The 44-year-old television presenter says she is “incredibly humbled and just blessed” to be honoured as a Member of the Order of Australia for her long commitment to mental health advocacy and her 20-year career in broadcasting.

Rowe’s parents possessed a strong sense of social justice and impressed upon her and her two sisters “the importance of being part of something bigger; that it’s not just about you”.

Her mother Penelope became her first touch point with mental illness, diagnosed with bipolar disorder when Rowe was 10. She became an ambassador for beyondblue in 2002, while a newsreader on channel 10, and has spoken candidly about her mother’s condition and her own experiences with post-natal depression, which affects one in seven new mothers.

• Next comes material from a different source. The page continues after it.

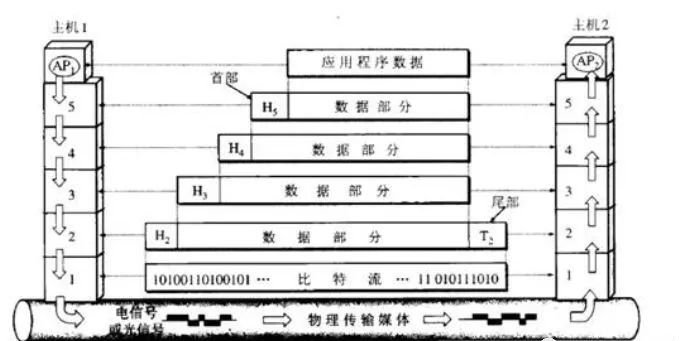 假定网络中两个主机是相连的,它们之间传输数据,应用进程的数据在各层之间的传递过程中所经历的变化,如下图所示。

“I felt a failure and I felt guilty,” she says. “We’ve got so much pressure on ourselves to be the perfect mum, the perfect wife, the perfect partner.”

Rowe has worked with Lifeline, SANE Australia and the Mental Health Council of Australia. She is also a patron of Kookaburra Kids, which supports children who are primary carers for a parent.

“We don’t hear about carers and they do so much work, and basically keep so much of the country going,” she says.

Awareness of mental illness has grown, but the stigma and discrimination remain, Rowe says.  Although she felt a responsibility to talk openly about her experiences, this was not shared by everyone in public life.

“People, understandably, are still frightened that they will be judged,” she says. “We have a long, long way to go.”